In 2.0, MAT had a demo configuration capability, which we decided
we couldn't afford to maintain. It's been removed in 3.0.
In 2.0, file mode featured two buttons: a forward arrow to
complete the current step, and a backward arrow to undo the
current step. In 3.0, we've clarified and sorted out what these
operations do, and how they interact with marking gold. MAT now
features four types of annotation steps, which are specified in
your task.xml file:
The available advance/retreat buttons vary depending on which
step you're currently in. A hand icon refers to hand annotation, a
gear icon refers to automated annotation, a right arrow refers to
marking the step gold, and a left arrow indicates retreating;
coupled with a hand icon, the left arrow indicates retreating into
the most recent hand annotation phase, rather than undoing the
current or previous step. You can find more details here.
In 2.0, MAT introduced SEGMENT annotations, an administrative
annotation type which tracks annotation progress. These SEGMENT
annotations referred to the document in general; e.g., a "human
gold" status indicated that the document was marked gold. In 3.0,
these statuses refer to particular annotation sets; so when you
mark a document gold in an annotation step (and you can have
multiple hand-annotatable steps), you're marking gold the sets
associated with the step. In other words, MAT is now tracking
(properly, we think) the annotation status of your annotation
sets. To support this, each SEGMENT annotation has a "set"
attribute, indicating what annotation set it refers to.
The change to SEGMENT annotations is only one way the
administrative information in MAT-JSON documents has changed.

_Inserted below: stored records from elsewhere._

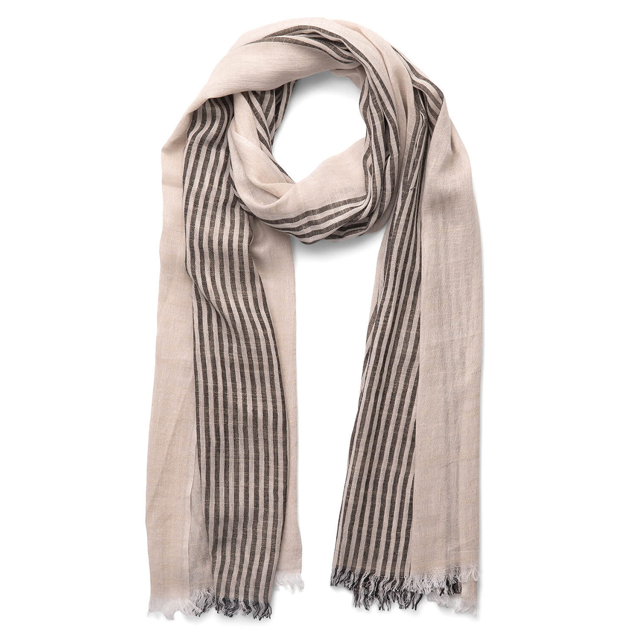 Simple and elegant, our Mila is the perfect summer wrap. Featuring 100% cotton yarns, the Mila has a naturally soft, gauzy feel and is crafted by our artisan weavers in India. The classic vertical stripes and relaxed feathered edge make the Mila a delightful summer wrap.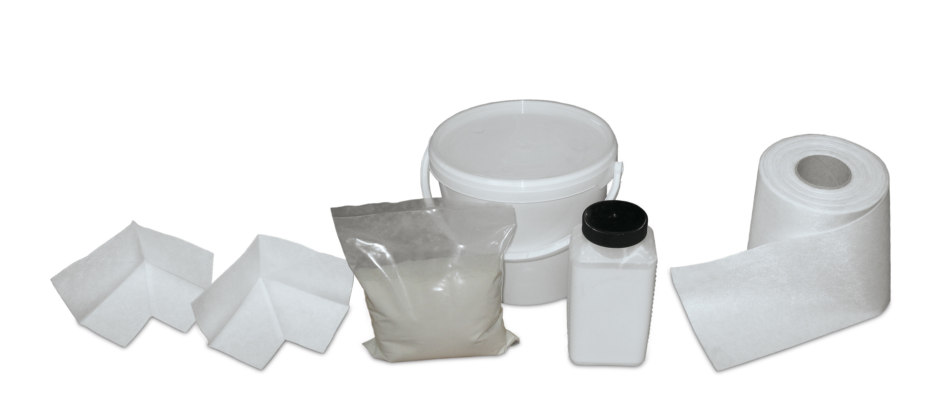 - Kit d’étanchéité composé d’une bande d’étanchéité de 10 m, 2 angles, une poudre et un liquide à mélanger pour le collage
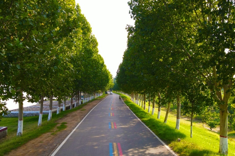 堤顶的彩虹线,红黄蓝相间,如一条彩练依着大堤一路向前。路的另一侧,秋日的黄河敛去了夏日的喧嚣,水色浑黄而澄澈,在阳光下泛着粼粼金波,从容东去,显露出老者般沉静与安详。

Another way is that MAT-JSON documents now record their overall
progress in terms of the annotation sets that have been added,
rather than the workflow steps that have been applied. When 2.0
MAT-JSON documents are read into a 3.0 tool, all this
administrative information is automatically updated. As a result,
documents saved in 3.0 cannot be used in 2.0.
As part of the various 3.0 changes, the options to MATEngine have
changed slightly:
As part of the change in administrative information, 2.0
administrative information that can't be updated when the document
is read is discarded. If, for instance, you've edited your task to
split up your content annotations into multiple sets (say, span
annotations and relation annotations), the SEGMENT statuses can't
be updated consistenly, and "human gold" or "reconciled" statuses
will be discarded. You can use the new --mark_gold and
--mark_reconciled options of MATEngine to fix this.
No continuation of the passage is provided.